Here are some shots of my brackish tank, currently houses 2 knight goby's, dragon goby, 2 figure 8 puffers and 3 mollies. I am on the hunt for a group of orange chromides to add to the tank, they are the only brackish cichlid out there I do believe and they are from India.


----------



## beN (Apr 21, 2010)

now those are some nice F8's. beauty color!!!
cool vid! 

still puzzled to why IPU says they are a freshwater puffer.
but we all know if we do our research its amazing what you can learn!


----------



## taureandragon76 (Apr 21, 2010)

Ya I don't get that either, ya they will live in fresh but not the 18 years they can in brackish


----------



## beN (Apr 21, 2010)

thats frickn awesome dude! 18yrs!

Hows the Fahaka? I still gotta swing out to your place one of these days!


----------



## effox (Apr 21, 2010)

I love those figure 8's Aaron. Definitely cool.


----------



## K0oKiE (Jun 2, 2010)

I had a dragon goby when I was younger. I had no idea what I was doing as a 14 year old with a fish tank but he grew to 18" or so in fresh water before he died  

He used to swim up to the top and eat out of my fingers. Was the coolest fish I ever had


----------



## taureandragon76 (Apr 21, 2010)

beN said:


> thats frickn awesome dude! 18yrs!
> 
> Hows the Fahaka? I still gotta swing out to your place one of these days!


The fahaka is doing great, still a pig and still growing Ya I am not far from ya now, send me a message sometime if you wanna swing by.



K0oKiE said:


> I had a dragon goby when I was younger. I had no idea what I was doing as a 14 year old with a fish tank but he grew to 18" or so in fresh water before he died
> 
> He used to swim up to the top and eat out of my fingers. Was the coolest fish I ever had


One of my favorite fish. My old one that I stupidly traded in would have been about that size now, he was around 14" and fat. This one is about 7" right now and still working on getting him outta his cave. My last one I was handfeeding and this one won't have anything to do with it.

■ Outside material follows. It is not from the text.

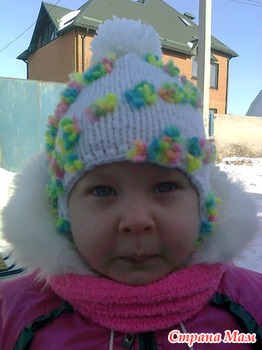 Дочке 5 лет. Просто у нас куртка в разных оттенках фуксии и розового, мне и показалось,что подойдет и совсем забыла, что пряжа практически без розовых цветочков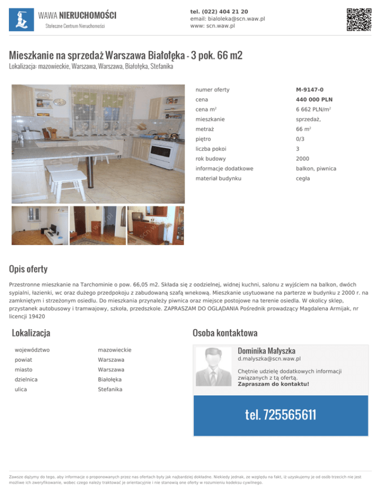 tel. (022) 404 21 20 email: [email protected] www: scn.waw.pl Mieszkanie na sprzedaż Warszawa Białołęka - 3 pok. 66 m2 Lokalizacja: mazowieckie, Warszawa, Warszawa, Białołęka, Stefanika numer oferty M-9147-0 cena 440 000 PLN cena m 6 662 PLN/m2 mieszkanie sprzedaż, metraż 66 m2 piętro 0/3 liczba pokoi 3 rok budowy 2000 informacje dodatkowe balkon, piwnica materiał budynku cegła 2 Opis oferty Przestronne mieszkanie na Tarchominie o pow. 66,05 m2. Składa się z oodzielnej, widnej kuchni, salonu z wyjściem na balkon, dwóch sypialni, łazienki, wc oraz dużego przedpokoju z zabudowaną szafą wnekową. Mieszkanie usytuowane na parterze w budynku z 2000 r. na zamkniętym i strzeżonym osiedlu. Do mieszkania przynależy piwnica oraz miejsce postojowe na terenie osiedla. W okolicy sklep, przystanek autobusowy i tramwajowy, szkoła, przedszkole. ZAPRASZAM DO OGLĄDANIA Pośrednik prowadzący Magdalena Armijak, nr licencji 19420 Lokalizacja Osoba kontaktowa Dominika Małyszka województwo mazowieckie powiat Warszawa [email protected] miasto Warszawa dzielnica Białołęka ulica Stefanika Chętnie udzielę dodatkowych informacji związanych z tą ofertą. Zapraszam do kontaktu! tel. 725565611 Zawsze dążymy do tego, aby informacje o proponowanych przez nas ofertach były jak najbardziej dokładne. Niekiedy jednak, ze względu na fakt, iż uzyskujemy je od osób trzecich nie jest możliwe ich zweryfikowanie, wobec czego należy traktować je orientacyjnie i nie stanowią one oferty w rozumieniu kodeksu cywilnego.

Chris thanks man. I have had the F8's for about 4 years now, they are very cool fish and know them to be some of the nicer ones I have seen around


----------



## josephl (Apr 21, 2010)

For Orange Chromides - Pet Habitat in Tinseltown(I know its a long drive for you) has them for $5.88 each, very active and healthy and they have been there for awhile


----------



## mysticalnet (Apr 22, 2010)

awesome figure 8 puffers, are they brackish also? Are they ok in freshwater?


----------



## taureandragon76 (Apr 21, 2010)

No they are not ok in freshwater. There is alot of confusion about this topic too. Yes in the wild they spend alot of time around freshwater but it seems in the tank they do best in brackish water.


----------